English has borrowed words from at least 350 languages. The largest sources of foreign vocabulary (beyond the Germanic and Romance foundations) include: Hindi/Urdu (1,000+ words through the British Raj), Arabic (several hundred through trade and scholarship), Nahuatl and other indigenous American languages (through Spanish intermediary), Malay (through East Asian trade), and Aboriginal Australian languages. English is unique in the sheer breadth of its borrowing.

Why does English borrow so many foreign words?

English borrows so extensively for three reasons. First, it had no official body (like the Académie Française in France) to restrict foreign borrowing.
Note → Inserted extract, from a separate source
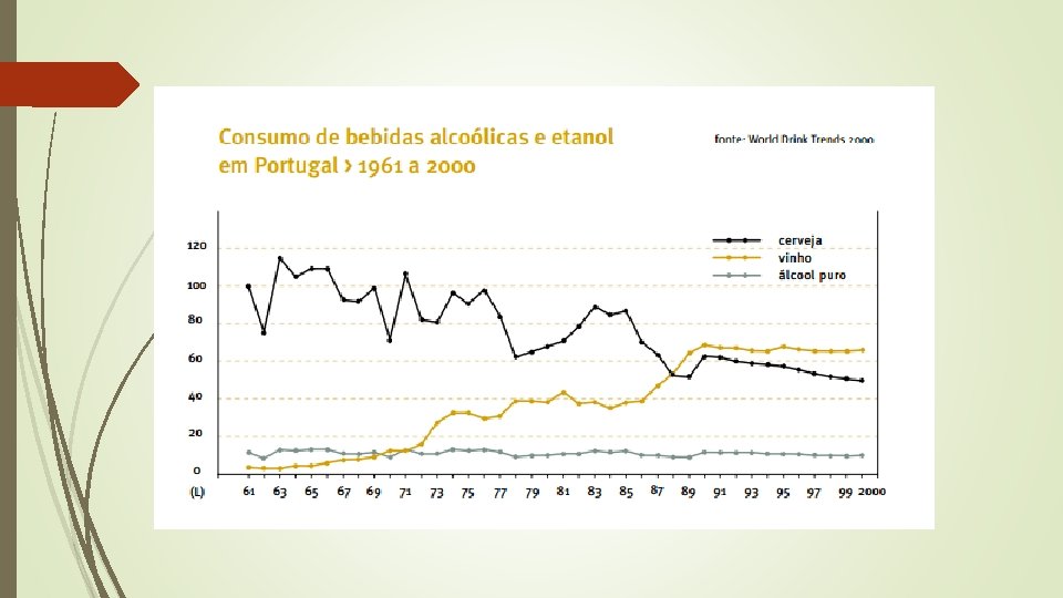 Em Portugal, o consumo “per capita” é dos mais elevados do mundo, tendo-se situado, em 2000, em 10, 8 L de álcool puro, sendo assim o terceiro consumidor mundial.

Second, British trade and empire put English speakers in contact with an unusually wide range of language communities. Third, English has a cultural pragmatism about vocabulary — if a foreign word describes something precisely and efficiently, English tends to adopt it rather than coin a domestic equivalent.

Where did the word "coffee" come from?

Coffee has one of the most travelled etymologies in English. The drink originated in Yemen, where the Arabic word "qahwa" described it. This entered Turkish as "kahve" as coffee drinking spread through the Ottoman Empire. Italian and Dutch merchants encountered the drink in Ottoman ports and brought back both the product and the word — Dutch "koffie" → English "coffee." The word journeyed from Yemen through Turkey, Italy, and the Netherlands before reaching England.

What words came from Australian Aboriginal languages?

English has borrowed around 400 words from Aboriginal Australian languages, though most are geographical names. The main vocabulary borrowings include: kangaroo (Guugu Yimithirr, recorded by Joseph Banks in 1770), boomerang (Dharuk), wallaby (Dharuk), wombat (Dharuk), koala (various), budgerigar (Gamilaraay — "good eating"), and billabong (Wiradjuri — "place where water goes in a hole"). Most were recorded by early British settlers in New South Wales.